**What you should do:** Write out the entries below exactly, but only from the line containing "un plano general" through the line containing "กวนอิมลินท้อ", and without the pictures.

BEGIN Data extracts

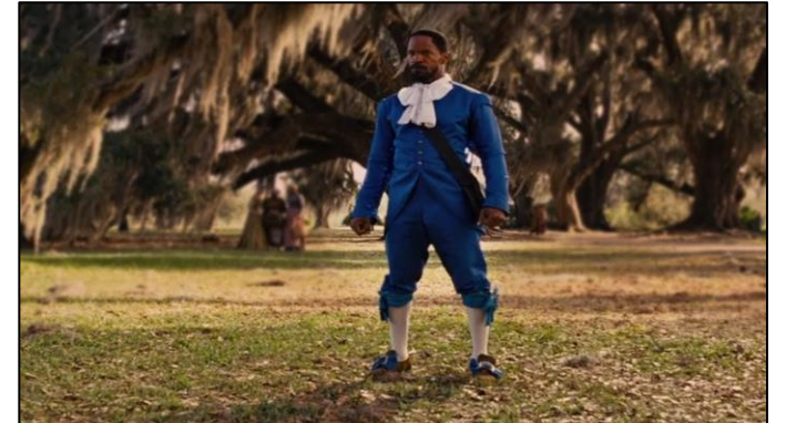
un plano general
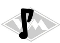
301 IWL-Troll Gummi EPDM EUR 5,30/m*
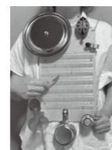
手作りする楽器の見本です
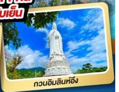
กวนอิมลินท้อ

END Data extracts
BEGIN Data extracts

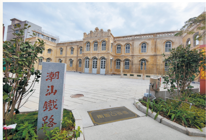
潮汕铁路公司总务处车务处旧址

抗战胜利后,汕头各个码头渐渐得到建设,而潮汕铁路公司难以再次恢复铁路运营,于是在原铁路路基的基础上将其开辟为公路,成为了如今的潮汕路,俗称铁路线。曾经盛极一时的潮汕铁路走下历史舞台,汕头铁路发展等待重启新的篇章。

END Data extracts

**Solution to the exercise:**
un plano general
301 IWL-Troll Gummi EPDM EUR 5,30/m*
手作りする楽器の見本です
กวนอิมลินท้อ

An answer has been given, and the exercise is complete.